Comparisons are not always useful or valid, but some facts point towards the scale of Hardie’s achievement. From a technical mountaineering point of view, Kangchenjunga offers more challenges than Everest, as George Band, a veteran of both mountains, could testify. This fact is reflected in modern climbing statistics: according to a book published in 2000, of all fourteen 8000 m peaks, only two—Lhotse and Annapurna—have been climbed less often than Kangchenjunga.
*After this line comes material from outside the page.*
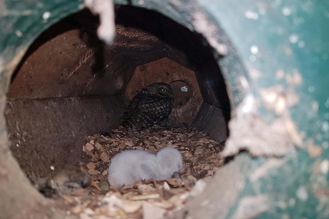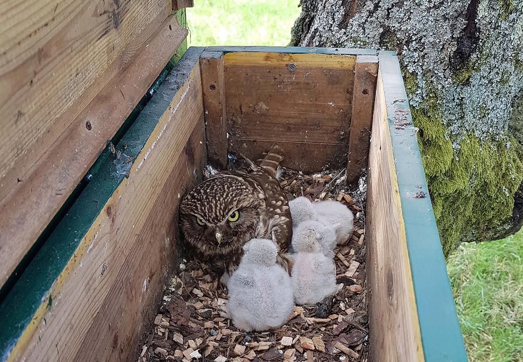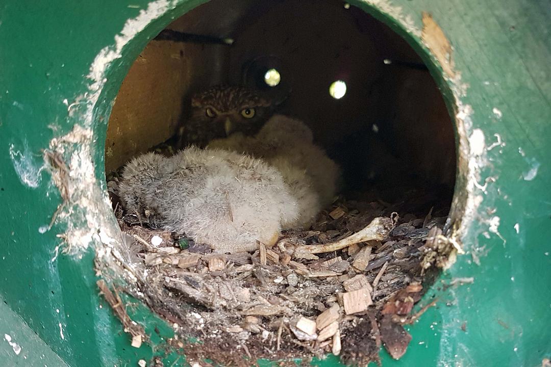 Nahrung: das ist weiterhin wahrscheinlich ein Problem. Die bevorzugte Nahrung des Steinkauzes sind Feldmäuse, aber auch Insekten und Regenwürmer. In den „guten Jahren“ haben wir immer wieder tote Mäuse als Nahrungsvorrat in den Röhren gesehen, die fehlten auch in diesem Jahr. Die Anzahl und Überlebenschancen der Jungvögel richtet sich stark nach dem Nahrungsangebot in ihrem Habitat.

Perhaps even more significant was the lack of knowledge about the Yalung Glacier route on Kangchenjunga. The route by which Everest would finally be conquered had been well established by the time of the 1953 ascent, by, firstly, a British expedition in 1951 and then a 1952 Swiss expedition in which Tenzing Norgay and Raymond Lambert reached as high as 8600 m. In contrast, Kangchenjunga’s Yalung face was almost to­tally unexplored. As George Band noted: “…nobody had been much above 20,000 ft [6000 m] so there was 8,000 ft of virgin territory on which to pioneer a safe route. [Kangchenjunga] had acquired a reputation as a dif­ficult and dangerous mountain…”

It is remarkable, therefore, that Kangchenjunga was climbed on an ex­pedition intended essentially as a trial run for a full-blown attempt the following year. This somewhat startling fact, somehow omitted from the book Evans wrote on the expedition, Kangchenjunga: The Untrodden Peak, is perhaps another reason why the whole endeavour has been underplayed.

Currently Hardie is abroad again, attending more 50th-anniversary functions in Wales, London and Kathmandu with six of the eight sur­viving expedition members. For a brief few weeks, they will remember a remarkable enterprise that put men on the third-highest mountain in the world and left the summit untrodden. They will remember Urkien and Pemi Dorje too, and other Sherpas who played a role in their success.

And they will remember the thin, cold air of Kangchenjunga.